> Records to use:
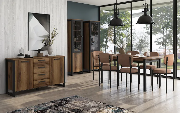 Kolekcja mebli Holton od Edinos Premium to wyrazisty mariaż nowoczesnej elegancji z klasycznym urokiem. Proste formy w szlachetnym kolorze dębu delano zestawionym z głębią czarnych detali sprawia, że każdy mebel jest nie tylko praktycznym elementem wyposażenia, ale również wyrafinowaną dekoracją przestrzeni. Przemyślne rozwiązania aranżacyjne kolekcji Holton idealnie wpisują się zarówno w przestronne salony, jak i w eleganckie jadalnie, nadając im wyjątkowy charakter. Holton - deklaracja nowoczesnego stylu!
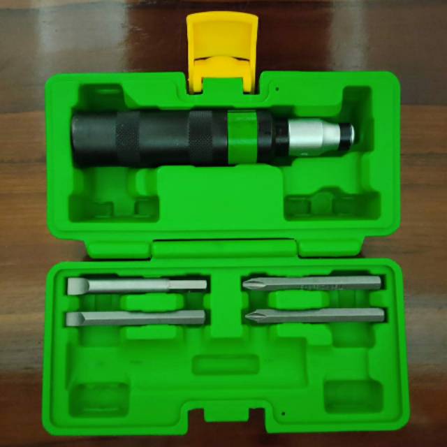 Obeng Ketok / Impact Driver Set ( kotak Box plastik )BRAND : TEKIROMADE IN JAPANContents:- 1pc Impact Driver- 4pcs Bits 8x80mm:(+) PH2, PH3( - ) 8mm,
--
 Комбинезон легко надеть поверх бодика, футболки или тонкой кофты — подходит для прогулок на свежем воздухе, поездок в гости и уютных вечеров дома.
==
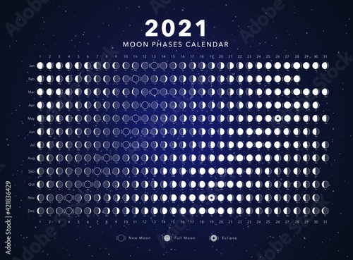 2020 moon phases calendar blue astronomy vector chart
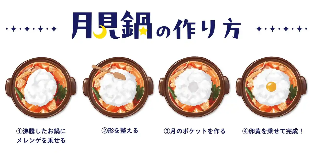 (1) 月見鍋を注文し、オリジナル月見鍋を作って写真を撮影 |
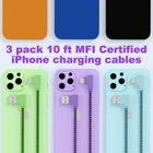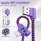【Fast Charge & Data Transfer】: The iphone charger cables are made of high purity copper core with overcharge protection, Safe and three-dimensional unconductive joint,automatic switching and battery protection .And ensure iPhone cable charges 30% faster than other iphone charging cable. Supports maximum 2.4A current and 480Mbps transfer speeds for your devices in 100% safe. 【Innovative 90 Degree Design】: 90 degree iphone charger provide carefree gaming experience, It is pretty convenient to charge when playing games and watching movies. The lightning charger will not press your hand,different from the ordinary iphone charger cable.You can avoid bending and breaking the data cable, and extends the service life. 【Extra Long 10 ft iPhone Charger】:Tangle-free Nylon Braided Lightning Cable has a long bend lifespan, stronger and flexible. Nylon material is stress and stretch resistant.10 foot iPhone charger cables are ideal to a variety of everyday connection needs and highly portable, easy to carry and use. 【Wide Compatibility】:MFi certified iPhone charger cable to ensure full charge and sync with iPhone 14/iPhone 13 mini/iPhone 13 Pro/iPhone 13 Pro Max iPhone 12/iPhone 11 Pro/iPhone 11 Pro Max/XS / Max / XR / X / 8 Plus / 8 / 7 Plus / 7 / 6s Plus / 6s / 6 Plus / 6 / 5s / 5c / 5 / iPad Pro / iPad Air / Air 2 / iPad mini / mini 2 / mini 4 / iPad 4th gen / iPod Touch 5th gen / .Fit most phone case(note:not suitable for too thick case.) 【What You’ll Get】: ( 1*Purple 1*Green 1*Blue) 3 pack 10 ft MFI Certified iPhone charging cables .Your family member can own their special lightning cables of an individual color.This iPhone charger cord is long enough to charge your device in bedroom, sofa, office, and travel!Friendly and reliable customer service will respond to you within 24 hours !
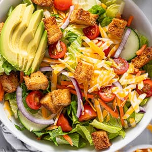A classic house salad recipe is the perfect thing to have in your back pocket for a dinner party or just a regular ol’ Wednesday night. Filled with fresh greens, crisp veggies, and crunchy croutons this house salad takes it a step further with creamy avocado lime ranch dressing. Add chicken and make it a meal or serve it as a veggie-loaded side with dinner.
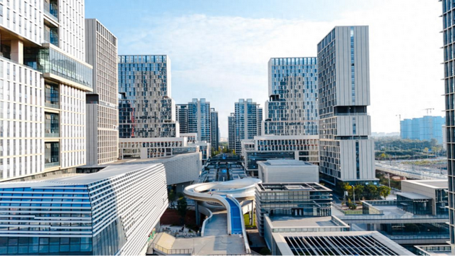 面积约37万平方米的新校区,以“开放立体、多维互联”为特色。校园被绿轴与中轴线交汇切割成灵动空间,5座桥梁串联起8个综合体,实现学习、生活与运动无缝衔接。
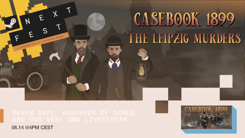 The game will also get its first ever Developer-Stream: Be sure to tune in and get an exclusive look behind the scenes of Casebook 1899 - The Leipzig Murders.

> Work to be completed:
Copy only this from above: the line containing "A classic house", the line containing "The game will", and all lines between, printed exactly. Leave out the pictures.

> Task response:
A classic house salad recipe is the perfect thing to have in your back pocket for a dinner party or just a regular ol’ Wednesday night. Filled with fresh greens, crisp veggies, and crunchy croutons this house salad takes it a step further with creamy avocado lime ranch dressing. Add chicken and make it a meal or serve it as a veggie-loaded side with dinner.
 面积约37万平方米的新校区,以“开放立体、多维互联”为特色。校园被绿轴与中轴线交汇切割成灵动空间,5座桥梁串联起8个综合体,实现学习、生活与运动无缝衔接。
 The game will also get its first ever Developer-Stream: Be sure to tune in and get an exclusive look behind the scenes of Casebook 1899 - The Leipzig Murders.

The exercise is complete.